GPIO does not turn on LED

Hi Matt,

yes, working on embedded Linux and developing hardware designs is may daily job.

Capes can be seen as addons (shields, breakout boards, ...) for the beaglebone.
They bring out built in hardware features from the bone or extend the bone with new hardware functions.
Here you can find some capes: http://beagleboard.org/cape

Nice to hear, that you successfully could complete your testing.

regards
Ralf

Hi Ralf,

It’s great for you that you get to work in R&D, in such great fields as Embedded Linux and HW design!
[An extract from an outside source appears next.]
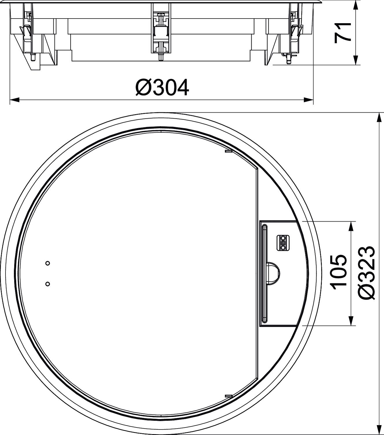 Aantal inbouwbare apparaten 12 Aantal inbouwdozen 3 Afdichtingsinbouwmogelijkheid nee Apparatuurdrager voor opname van inbouwdozen ja Beschermingsgraad (IP) in gebruikte situatie IP20 Beschermingsgraad (IP) in niet gebruikte situatie IP40 Beschermingsgraad IK-code IK10 Beschermraam vloerbekleding ja Buitendiameter 323 mm CO2-voetafdruk (GWP) van wieg tot poort 18,3614 kg CO2e / 1 Stuk Dikte vloerbedekking 10 mm Dimensie Ø323x70 Geschikt voor door afwerkvloer overdekt ondervloerkanaal ja Geschikt voor inbouw in dubbele vloer ja Geschikt voor inbouw in holle vloer ja Geschikt voor nat onderhoud nee Geschikt voor ondervloerkanaal ja Heavy-duty uitvoering nee Inbouwdiameter 305 Inbouwdiepte 78 mm Materiaal Spuitgietaluminium Met uitsparing vloerbekleding ja Nominale maat voor inbouweenheden R9 Openingsmechanisme Handvat Spanbereik D max. 33 mm Spanbereik D min. 3 mm Toelatingen VDE Type inbouwsysteem UT4 Uitvoering rond Verticale last, groot oppervlak tot 5.000 N Verticale last, klein oppervlak tot 3.000 N Vloerhoogte min. 78 mm Vloeronderhoud Droog - Alle typen

You had ARM Experience before the BBB?

Where did you start learning on Embedded OS (as Linux) and on ARMs?

I come from the PIC world OS-less, and ARM with Linux (BBB) is so different to me!

Yes, thanks to you the PINMUX works well.
I’m now reading on how to configure GPIO Pins to generate interrupt.
The hard part is setting the Interrupt Handler.

Was it straight-forward for you to work with interrupts?

Hi Ralf,

It’s great for you that you get to work in R&D, in such great fields as Embedded Linux and HW design!

You had ARM Experience before the BBB?

Where did you start learning on Embedded OS (as Linux) and on ARMs?

I come from the PIC world OS-less, and ARM with Linux (BBB) is so different to me!

Yes, thanks to you the PINMUX works well.
I’m now reading on how to configure GPIO Pins to generate interrupt.
The hard part is setting the Interrupt Handler.

Was it straight-forward for you to work with interrupts?

All the training you need is here:

http://free-electrons.com/docs/

The training material is up to date and includes DeviceTree material.

Another good reference are Linux books by Robert Love, namely “Linux Kernel Development” and "Linux System Programming”. I like selected these because they are much more current than "Linux Device Drivers 3rd edition” but the updated version is due in July 2014.